The Grafana MCP server is deployed separately from PPLG but depends on Grafana being running first. Deploy order: pplg → grafana_mcp → mcpo.

For full details — deployment, configuration, available tools, troubleshooting — see Grafana MCP Server.

Access After Deployment

Service URL Login
Grafana https://grafana.ouranos.helu.ca Casdoor SSO or local admin
PgAdmin https://pgadmin.ouranos.helu.ca Casdoor SSO or local admin
Prometheus https://prometheus.ouranos.helu.ca Casdoor SSO
Alertmanager https://alertmanager.ouranos.helu.ca No auth (internal)

Troubleshooting

Service Status

ssh prospero.incus
sudo systemctl status prometheus grafana-server loki prometheus-alertmanager pgadmin oauth2-proxy-prometheus

View Logs

# All PPLG services via journal
sudo journalctl -u prometheus -u grafana-server -u loki -u prometheus-alertmanager -u pgadmin -u oauth2-proxy-prometheus -f

Test Endpoints (from Prospero)

# Grafana
curl -s http://127.0.0.1:3000/api/health

# PgAdmin
curl -s http://127.0.0.1:5050/misc/ping

# Prometheus
curl -s http://127.0.0.1:9090/-/healthy

# Loki
curl -s http://127.0.0.1:3100/ready

# Alertmanager
curl -s http://127.0.0.1:9093/-/healthy

Test External Access (from any host)

# Via Titania HAProxy
curl -s https://grafana.ouranos.helu.ca/api/health
curl -s https://pgadmin.ouranos.helu.ca/misc/ping
curl -s https://prometheus.ouranos.helu.ca/ping
curl -s https://loki.ouranos.helu.ca/ready
curl -s https://alertmanager.ouranos.helu.ca/-/healthy

Common Errors

vault_casdoor_prometheus_access_key is undefined

TASK [Template prometheus.yml]
[ERROR]: 'vault_casdoor_prometheus_access_key' is undefined

Cause: The Casdoor metrics scrape job in prometheus.yml.j2 requires access credentials.

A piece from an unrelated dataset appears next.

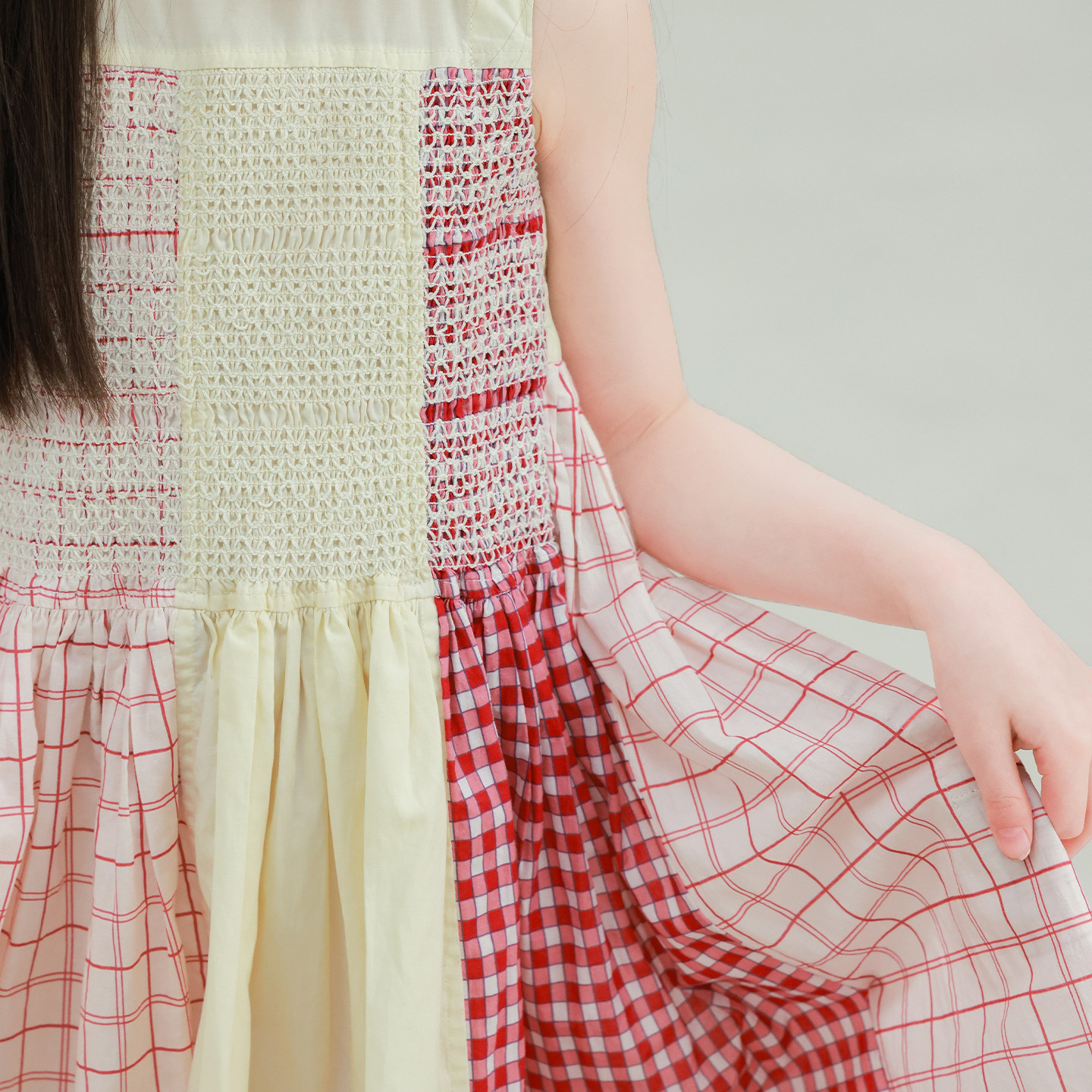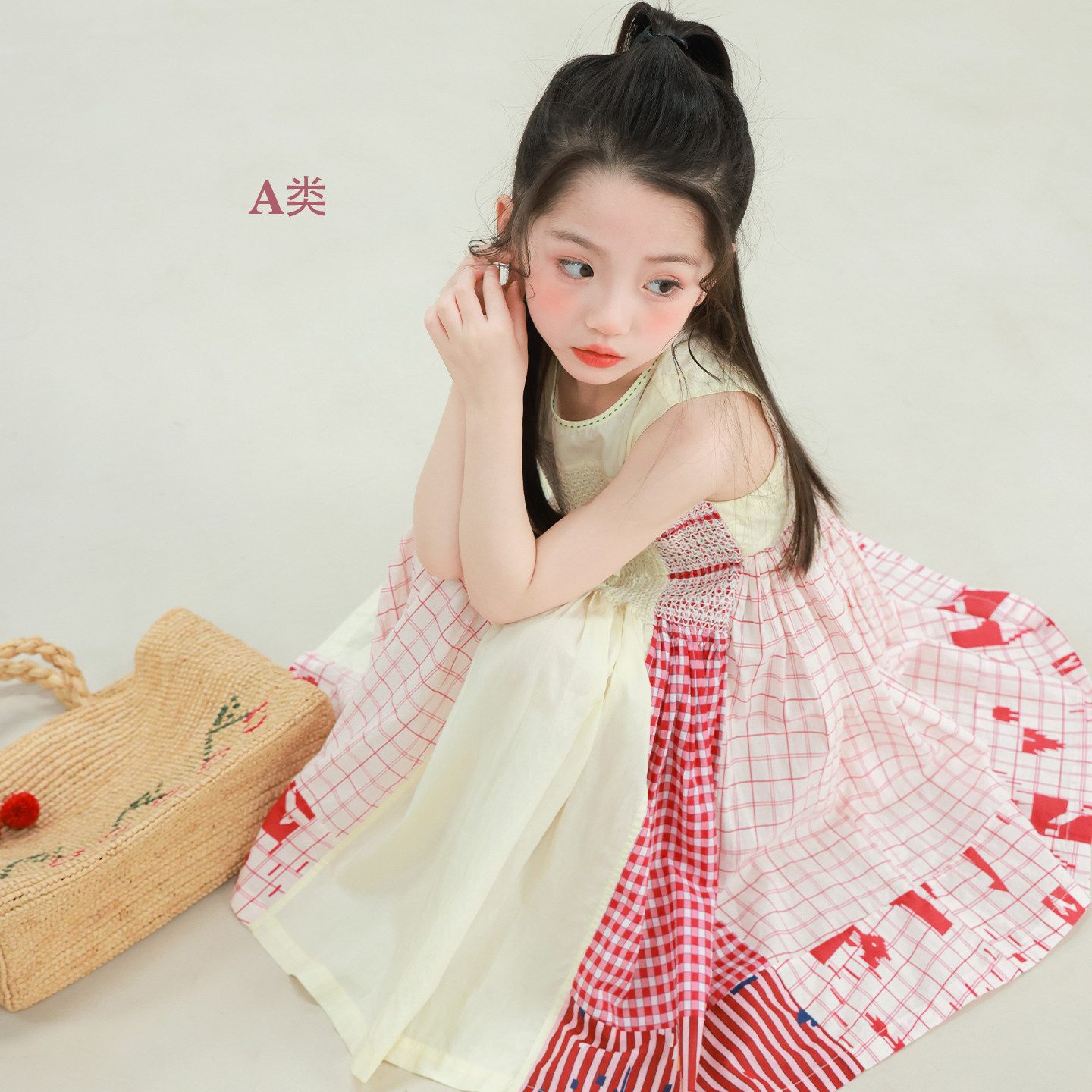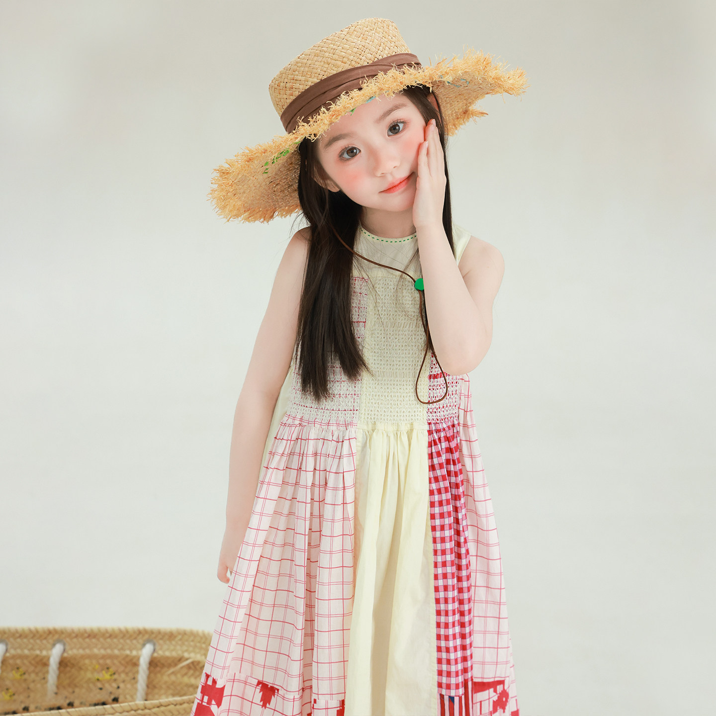 大耳象女童拼接格子打揽连衣裙2026夏季新款宝儿小众无袖薄裙子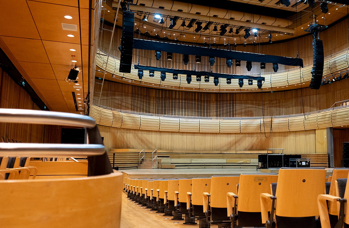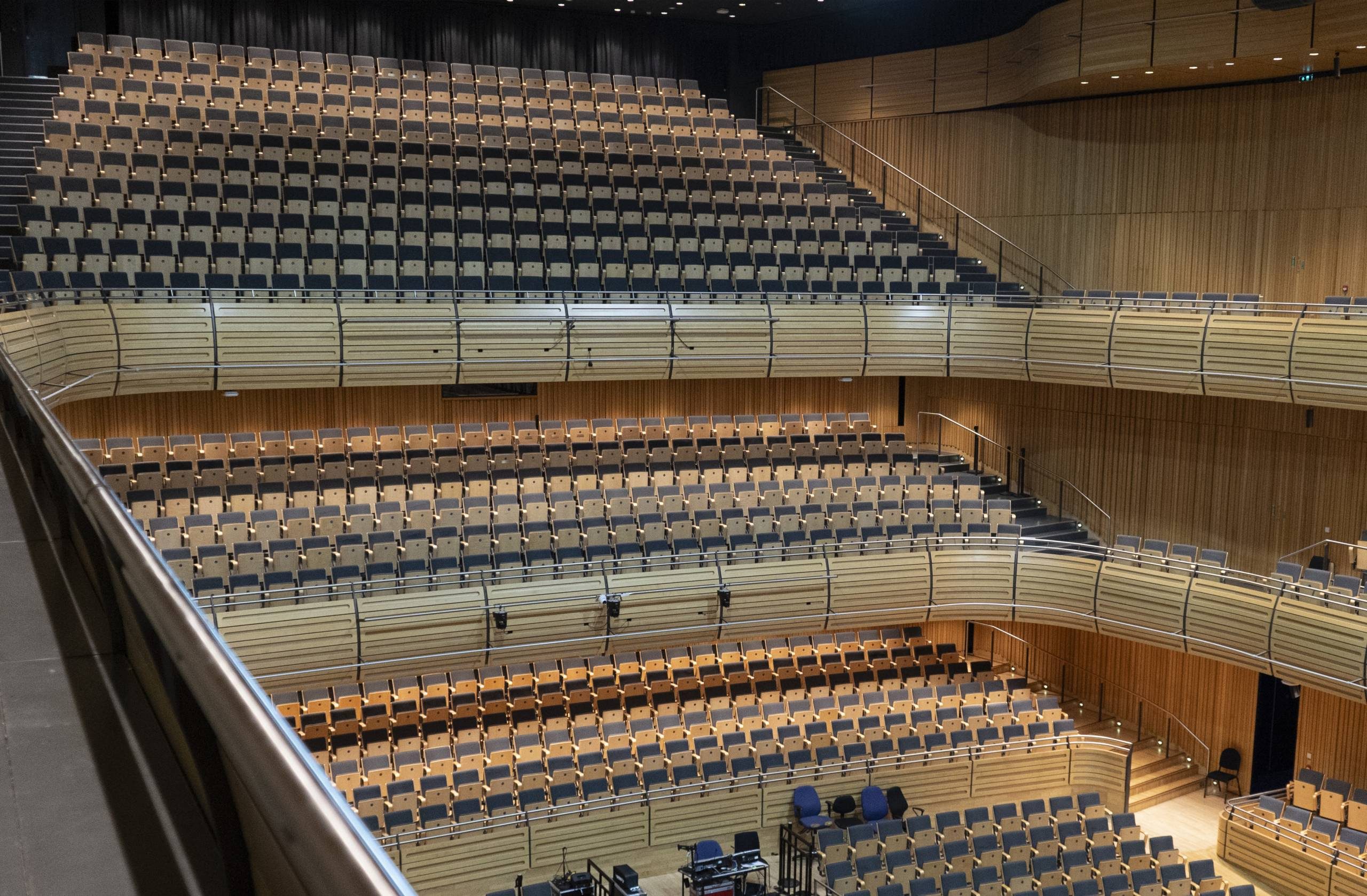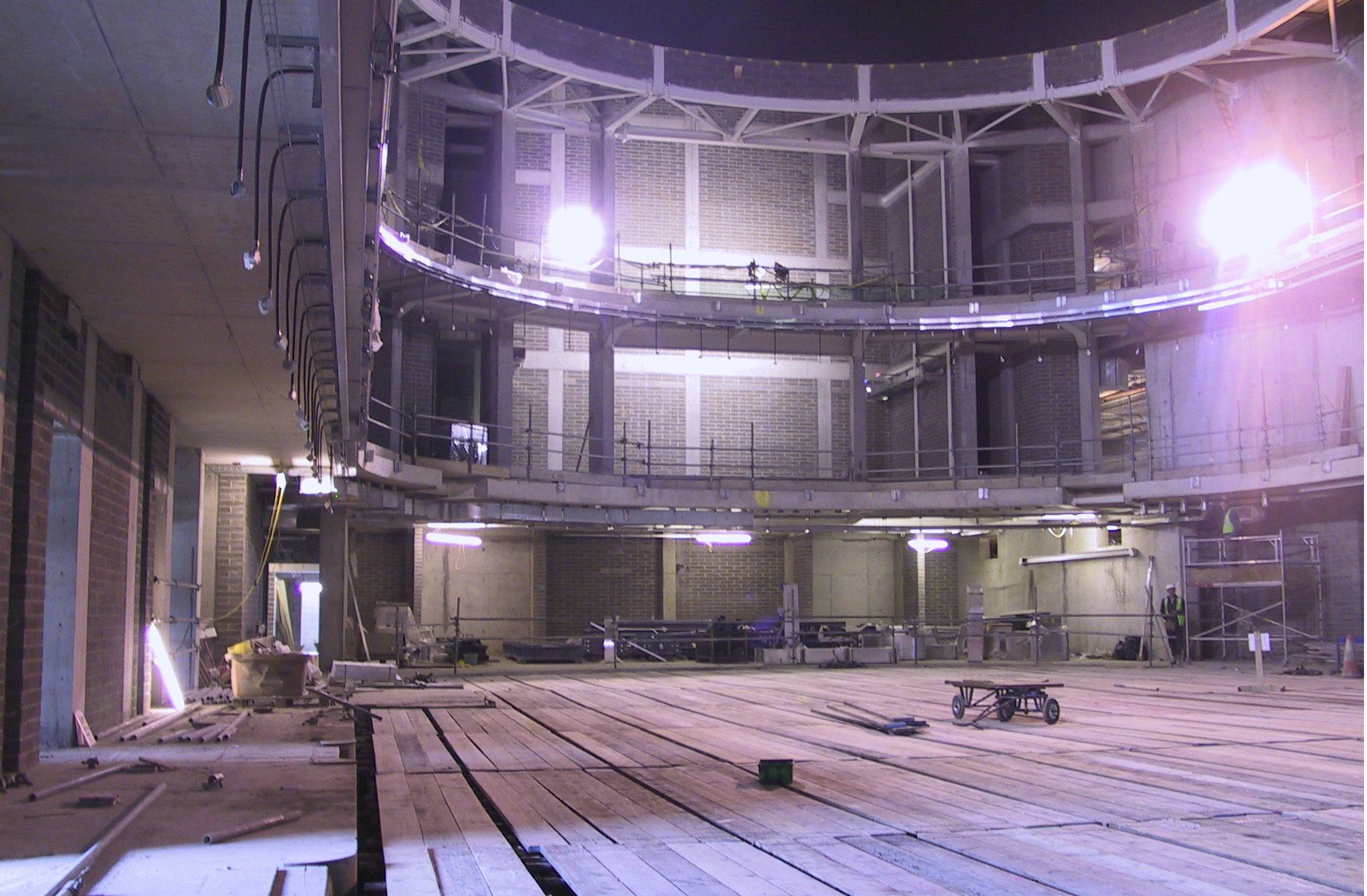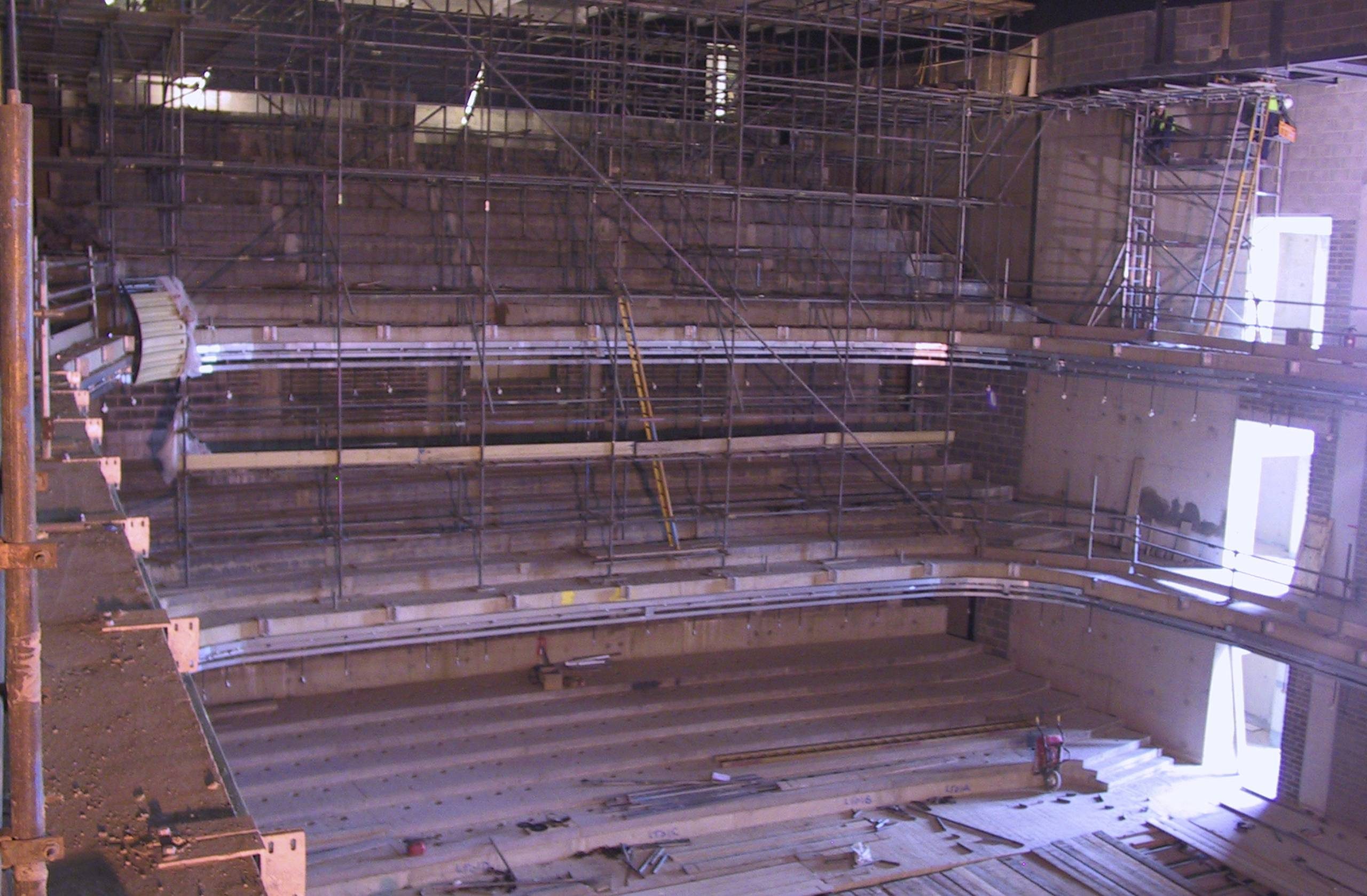 A look inside Sage One concert hall from the stalls, before the wood panelling, seats, and acoustic panels are installed.

Fix: Generate API keys for the built-in/admin Casdoor user (see Casdoor Prometheus Access Key for the full procedure), then add to vault:

cd ansible
ansible-vault edit inventory/group_vars/all/vault.yml
vault_casdoor_prometheus_access_key: "your-casdoor-access-key"
vault_casdoor_prometheus_access_secret: "your-casdoor-access-secret"

Certificate fetch fails

Cause: Titania not running or certbot hasn't provisioned the cert yet.

Fix: Ensure Titania is up and certbot has run:

ansible-playbook sandbox_up.yml
ansible-playbook certbot/deploy.yml

The playbook falls back to a self-signed certificate if Titania is unavailable.

OAuth2 redirect loops

Cause: Casdoor application redirect URI doesn't match the service URL.

Fix: Verify redirect URIs match exactly:

  • Grafana: https://grafana.ouranos.helu.ca/login/generic_oauth
  • PgAdmin: https://pgadmin.ouranos.helu.ca/oauth2/redirect
  • Prometheus: https://prometheus.ouranos.helu.ca/oauth2/callback

Migration Notes

PPLG replaces the following standalone playbooks (kept as reference):

Original Playbook Replaced By
prometheus/deploy.yml pplg/deploy.yml
prometheus/alertmanager_deploy.yml pplg/deploy.yml
loki/deploy.yml pplg/deploy.yml
grafana/deploy.yml pplg/deploy.yml
pgadmin/deploy.yml pplg/deploy.yml

PgAdmin was previously hosted on Portia (port 25555). It now runs on Prospero via gunicorn (no Apache).